Connected vehicles are coming. The transportation industry is already working on standards and prototypes. And part of developing them is testing to ensure the future of transportation is as safe, efficient and reliable as possible.
A portion of I-35 could soon become a national test bed for connected-vehicle research, thanks in part to a four-year project that the Texas A&M Transportation Institute (TTI) is undertaking on behalf of the Texas Department of Transportation (TxDOT).
Funded by a U.S. Department of Transportation (U.S. DOT) grant, the $2 million project — called I-35 Connected Work Zone — will initially focus on improving freight movement along the construction corridor by providing long-haul trucks a steady stream of traveler information through onboard devices capable of receiving work zone infrastructure data. That information includes lane-closure locations, delay lengths and projected delays up to a week in advance.
“In this first phase of the Connected Work Zone project, the initial fleet of long-haul commercial trucks will be equipped with communication equipment and the technology needed to receive the existing I-35 traveler information and data we developed for the Waco District I-35 construction project,” says TTI Research Scientist Robert Brydia. Highway sensors gather real-time travel information on traffic conditions, which will be transmitted to the trucks in a way that will not distract truck drivers.
Freight movement efficiency has long been hindered by a lack of reliable traveler information. The goal of the U.S. DOT’s Freight Advanced Traveler Information System (FRATIS) program is to optimize freight operations and, therefore, the overall transportation system.
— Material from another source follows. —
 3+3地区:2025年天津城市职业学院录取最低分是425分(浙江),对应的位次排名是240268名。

The current project is an enhancement to a Texas component of the FRATIS project currently under way among some smaller trucking firms in the Dallas-Fort Worth area. That effort involves using software to optimize processes for businesses that rely on short-haul freight movements. Minimizing empty truck trips and the rerouting of trips to avoid congestion can help reduce operating costs, thereby reducing shipping costs and perhaps, eventually, providing lower prices for consumers as well.
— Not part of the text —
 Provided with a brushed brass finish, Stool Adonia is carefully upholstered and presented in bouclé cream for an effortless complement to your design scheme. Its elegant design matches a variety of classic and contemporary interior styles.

Although the next phase of the project has not been defined, it could involve equipping passenger vehicles with the same type of communication equipment capable of receiving real-time corridor information.
“Research and testing are vital steps forward as connected-vehicle technology moves from the cutting edge to the every day,” says TTI Assistant Agency Director Christopher Poe. “This project is a natural next step in the long-term partnership of TTI and TxDOT working together to improve transportation for Texas and the nation.”